Cloudflare, Inc. (NYSE: NET), a prominent connectivity cloud company, has revealed plans to deploy NVIDIA GPUs at the edge of its global network, along with NVIDIA Ethernet switches. This strategic move will bring AI inference compute power closer to users worldwide. Cloudflare will also incorporate NVIDIA’s comprehensive stack of inference software, including NVIDIA TensorRT-LLM and NVIDIA Triton Inference server, to enhance the performance of AI applications, including large language models.

Starting immediately, Cloudflare is granting all of its customers access to local compute power, enabling them to deliver AI applications and services more efficiently using compliant infrastructure. This development allows organizations to run AI workloads at scale and pay only for the compute power they utilize, all through Cloudflare for the first time.

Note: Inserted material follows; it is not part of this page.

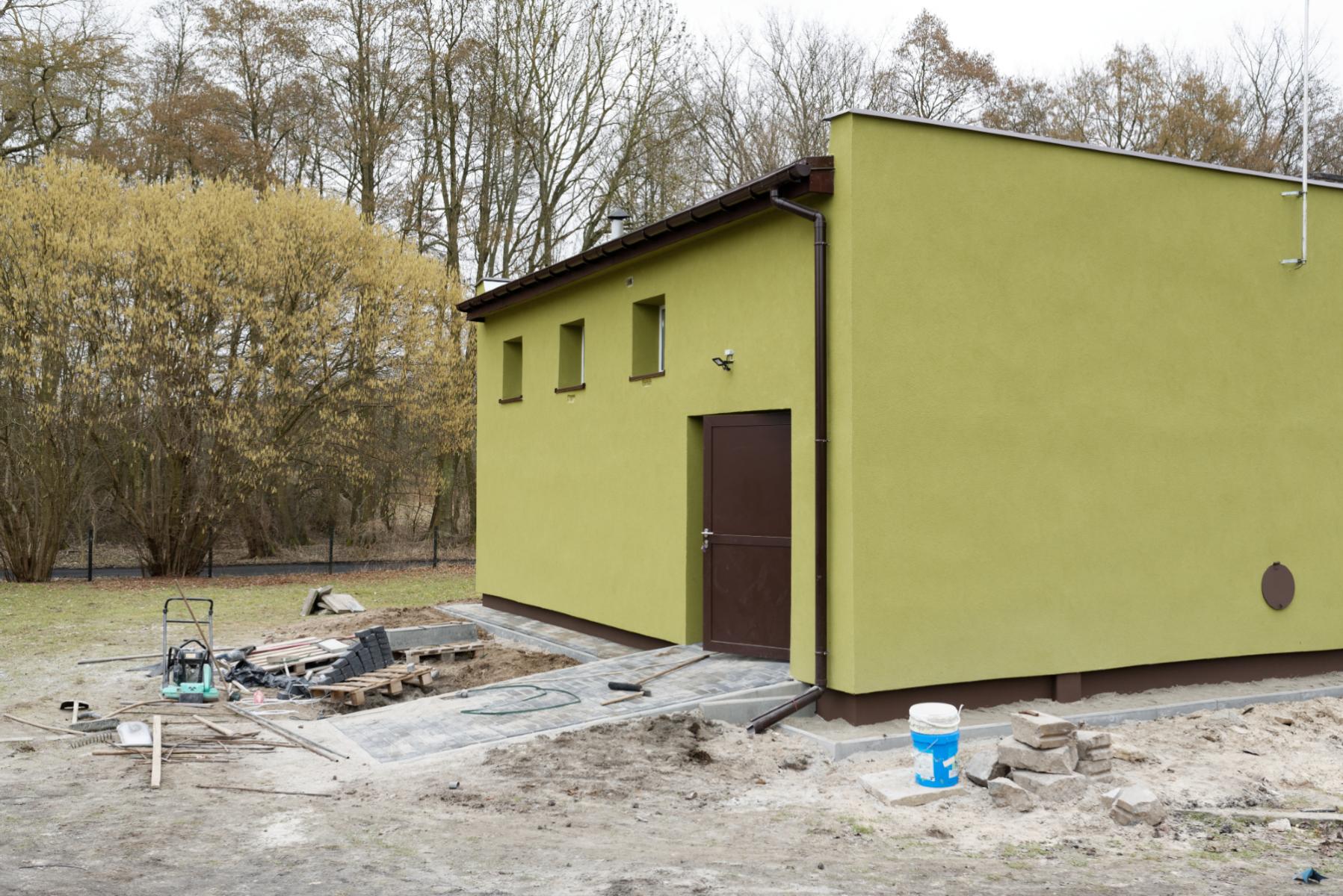 Pracownicy Przedsiębiorstwa Usług Komunalnych Sp. z o.o. w Gryfinie przeprowadzają obecnie kompleksowy remont części zewnętrznej budynków Stacji Uzdatniania Wody - Dębce. Prace obejmują m. in. wymianę pokrycia dachu wraz z opierzeniami oraz orynnowaniem, a także wykonanie elewacji.

AI inference is pivotal in shaping the end-user experience for AI applications and is expected to play a significant role in AI workloads. The demand for GPUs in organizations is substantial. With its extensive network of data centers in over 300 cities worldwide, Cloudflare can deliver swift user experiences while adhering to global compliance regulations.

Cloudflare is simplifying the deployment of AI models, powered by NVIDIA GPUs, networking infrastructure, and inference software, for organizations globally. This eliminates the need for organizations to manage, scale, optimize, or secure their AI deployments.

Matthew Prince, CEO and co-founder of Cloudflare, emphasizes the significance of AI inference on a network, stating that it offers a cost-effective solution with data proximity to users. By incorporating NVIDIA’s cutting-edge GPU technology into its global network, Cloudflare is democratizing AI inference and making it accessible and affordable on a global scale.

Ian Buck, Vice President of Hyperscale and HPC at NVIDIA, highlights the critical role of NVIDIA’s inference platform in powering generative AI applications. With NVIDIA GPUs and AI software available on Cloudflare, businesses will have the capacity to create responsive customer experiences and drive innovation across various industries.

Cloudflare’s deployment of NVIDIA GPUs to its global edge network enables:

Low-latency generative AI experiences for end users, with NVIDIA GPUs available for inference tasks in over 100 cities by the end of 2023 and nearly everywhere Cloudflare’s network reaches by the end of 2024.

Access to compute power near the location of customer data, assisting organizations in anticipating compliance and regulatory requirements.

Affordable, pay-as-you-go compute power at scale, ensuring that businesses can access the latest AI innovations without the need for substantial upfront investments to reserve GPUs that might go unused.